New NIST report measures PFAS levels in firefighter gear

The presence of per- and polyfluoroalkyl substances (PFAS) in firefighter turnout gear has raised significant concern recently. PFAS are a category of manufactured chemicals linked to cancer and other diseases.

The National Fire Protection Association (NFPA) Standard on Protective Ensembles for Structural Fire Fighting and Proximity Fire Fighting (NFPA 1971) requires that firefighter gear meet certain criteria for resistance to heat, water, and other hazards. Since the properties of PFAS can impart water and oil resistance to fabrics, these substances are often used in firefighter gear to help it meet these safety standards.

However, for firefighters who already face increased cancer risk from fire-related exposures to smoke and soot, as well as vehicle exhaust and other hazardous materials, PFAS in bunker gear is just one more pathway for exposure to potential carcinogens.

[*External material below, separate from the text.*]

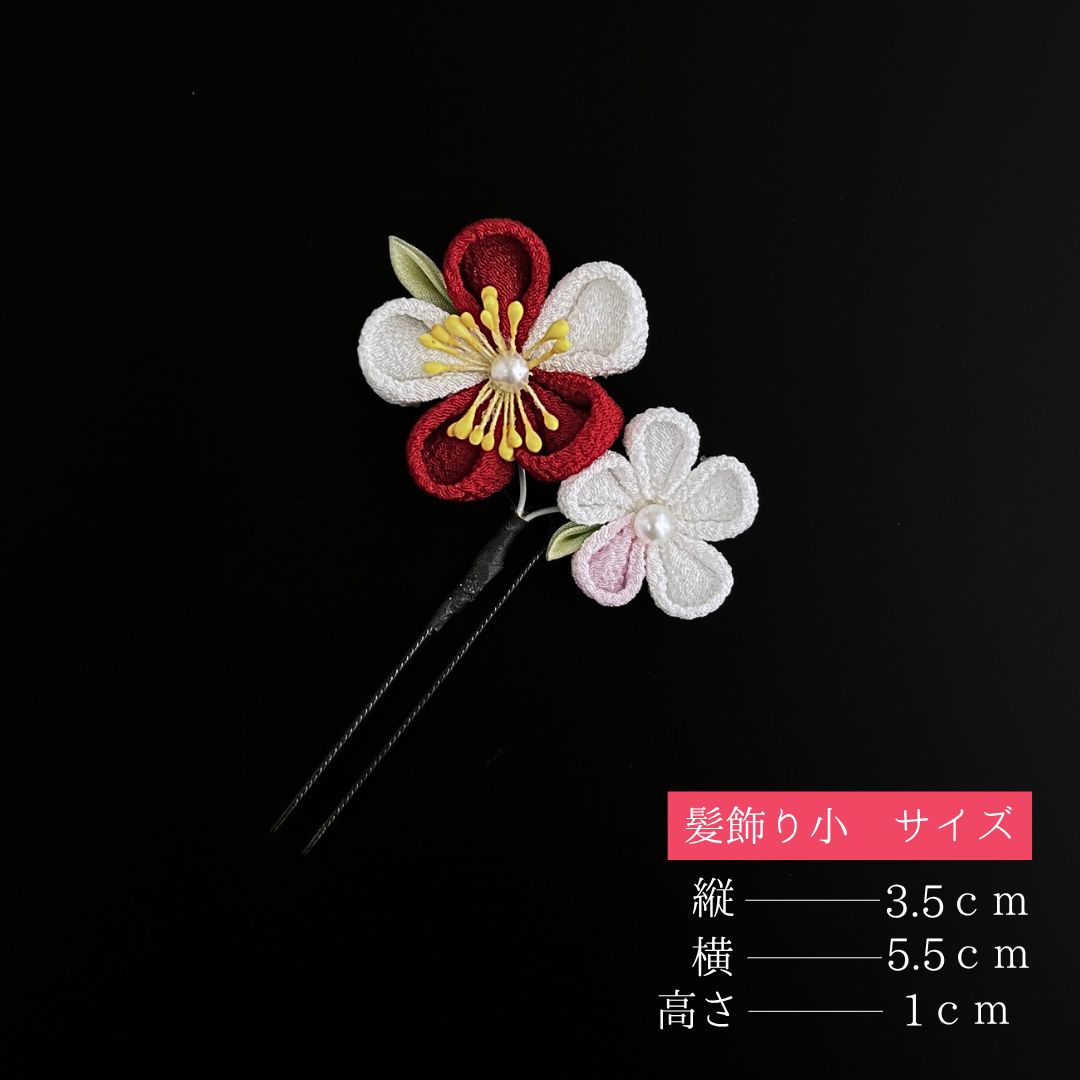 髪飾り小(Uピン式):縦約3.5cm×横約5.5cm×高さ約1cm

The International Association of Fire Fighters (IAFF) has been advocating for removal of PFAS in bunker gear, stating that it is an “unnecessary occupational threat.”

This month, researchers at the National Institute of Standards and Technology (NIST) announced the release of a report that contributes much-needed evidence to help decision-makers and manufacturers improve the safety of firefighter gear. NIST conducted an in-depth examination of a range of textiles used in turnout gear coats and pants, which are constructed in three layers – an outer shell, a moisture barrier, and a thermal barrier. The results of this research further cement our understanding of what is inside the gear.

The research showed that the amount of PFAS present varies widely between manufacturers and layers, with the highest PFAS concentrations observed in the outermost two layers. The results of the study suggest that selecting optimal combinations of fabrics for each layer could significantly reduce the amount of PFAS present in turnout gear.

This research is part of a larger effort by NIST to examine public health risks to first responders related to PFAS. NIST is completing a similar study of PFAS in new and stressed hoods, gloves, and wildland gear.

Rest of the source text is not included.